# Seksualiteit > Menstruatie >  Steeds minder ongesteld..

## xfamkex

Hallo iedereen,

Ik heb een vraagje, ik slik sinds mijn 15e de pil. Ben nu 22...

Nou heb ik dat ik sinds een klein jaar steeds minder ongesteld wordt!!
Als ik bijv. donderdags mijn laatste pil neem word ik pas dinsdags of woensdags ongesteld.. en ook maar een heel klein beetje!
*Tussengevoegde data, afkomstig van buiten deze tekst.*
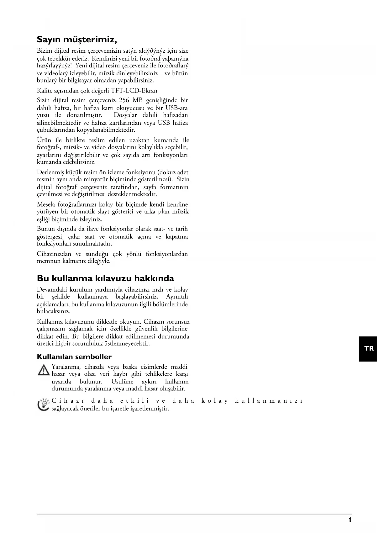 Sayın müşterimiz, Bizim dijital resim çerçevemizin satýn aldýðýnýz için size çok teþekkür ederiz. Kendinizi yeni bir fotoðraf yaþamýna hazýrlayýnýz! Yeni dijital resim çerçeveniz ile fotoðraflarý ve videolarý izleyebilir, müzik dinleyebilirsiniz – ve bütün bunlarý bir bilgisayar olmadan yapabilirsiniz. Kalite açısından çok değerli TFT-LCD-Ekran Belleği Sizin dijital resim çerçeveniz 256 MB genişliğinde bir dahili hafıza, bir hafıza kartı okuyucusu ve bir USB-ara yüzü ile donatılmıştır. Dosyalar dahili hafızadan silinebilmektedir ve hafıza kartlarından veya USB hafıza çubuklarından kopyalanabilmektedir. Ürün ile birlikte teslim edilen uzaktan kumanda ile fotoğraf-, müzik- ve video dosyalarını kolaylıkla seçebilir, ayarlarını değiştirilebilir ve çok sayıda artı fonksiyonları kumanda edebilirsiniz. Derlenmiş küçük resim ön izleme fonksiyonu (dokuz adet resmin aynı anda minyatür biçiminde gösterilmesi). Sizin dijital fotoğraf çerçeveniz tarafından, sayfa formatının çevrilmesi ve değiştirilmesi desteklenmektedir. Mesela fotoğraflarınızı kolay bir biçimde kendi kendine yürüyen bir otomatik slayt gösterisi ve arka plan müzik eşliği biçiminde izleyiniz. Bunun dışında da ilave fonksiyonlar olarak saat- ve tarih göstergesi, çalar saat ve otomatik açma ve kapatma fonksiyonları sunulmaktadır. Cihazınızdan ve sunduğu çok yönlü fonksiyonlardan memnun kalmanız dileğiyle. Bu kullanma kılavuzu hakkında Devamdaki kurulum yardımıyla cihazınızı hızlı ve kolay bir şekilde kullanmaya başlayabilirsiniz. Ayrıntılı açıklamaları, bu kullanma kılavuzunun ilgili bölümlerinde bulacaksınız. Kullanma kılavuzunu dikkatle okuyun. Cihazın sorunsuz çalışmasını sağlamak için özellikle güvenlik bilgilerine dikkat edin. Bu bilgilere dikkat edilmemesi durumunda üretici hiçbir sorumluluk üstlenmeyecektir. Kullanılan semboller Tehlike UyarısıNot açıklaması Yaralanma, cihazda veya başka cisimlerde maddi hasar veya olası veri kaybı gibi tehlikelere karşı uyarıda bulunur. Usulüne aykırı kullanım durumunda yaralanma veya maddi hasar oluşabilir. Cihazı daha etkili ve daha kolay kullanmanızı sağlayacak öneriler bu işaretle işaretlenmiştir. af-5105_5086_5135ms_manual_tr.book Seite 1 Montag, 15. September 2008 4:43 162 AgfaPhoto Digital Photo Frame AF 5086MS · AF 5105MS · AF5135MS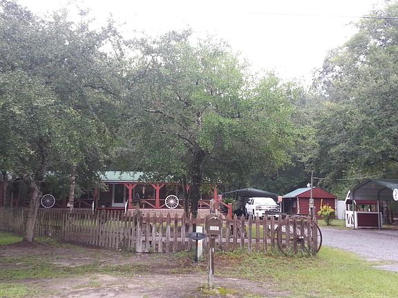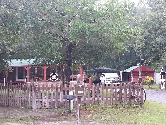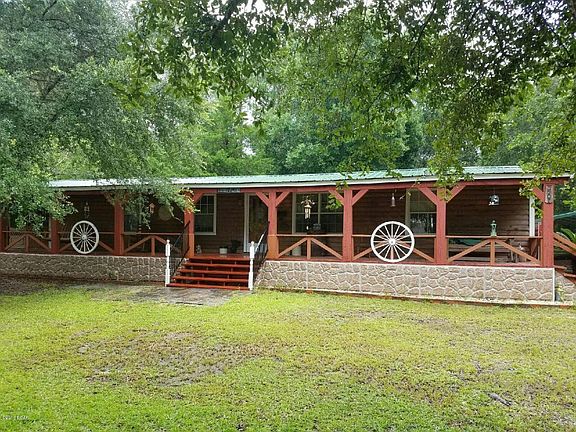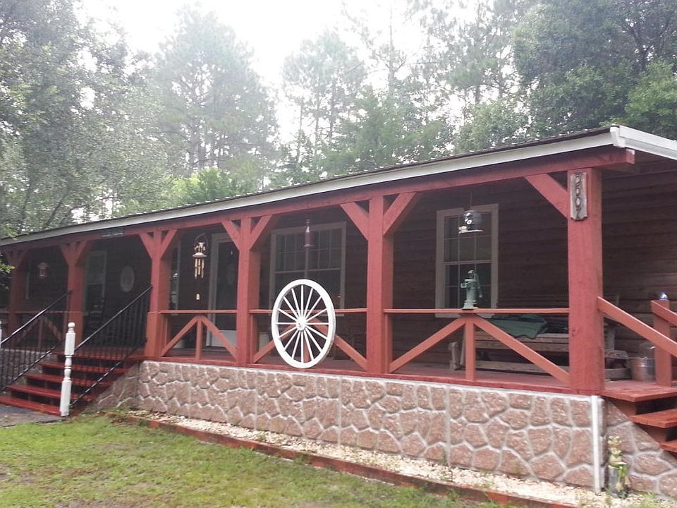 Perfect rustic charm abounds in this cute 3/2 doublewide with loads of add-ons. Huge screened in porch on one side (24x12), full length porch on the front(70x8), and covered 14x26 porch in the back. Metal roof, log cabin look for siding. You also have a large 14x26 family room with separate a/c., split bedroom plan, Several additioanl carports and backyard fenced with nice firepit for those cold days of winter. You have to see this house to appreciate all it has to offer. all sizes and dimensions are appx. 1 bedroom has been coverted to office.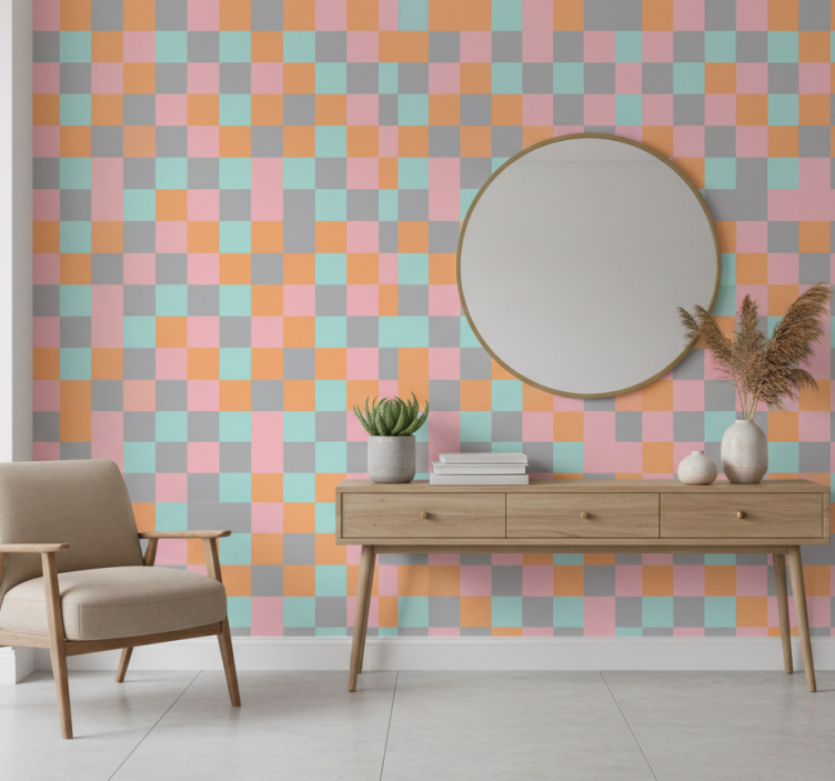 Reference: P11772Transform your hallway with our Hallway wallpaper squared abstract design, featuring a stunning combination of geometric shapes and soft matt colors that create a modern and inviting atmosphere. This non-woven wallpaper not only boasts a sophisticated squared abstract design but also offers durability and easy maintenance, making it a perfect choice for any home. Its unique characteristics ensure that it stands out while seamlessly blending into your existing decor.

Dit is dan de zaterdags sowieso wel weer over..
Ik vind dat kleine beetje wat gek want ik was altijd ernstig ongesteld, s'nachts zelf luiers om gehad anders zat het bed eronder..!

Is dit ernstig? ik maak me best wel zorgen.. Ook dacht ik al meerdere keren dat ik misschien zwanger was maar dit is ook niet het geval!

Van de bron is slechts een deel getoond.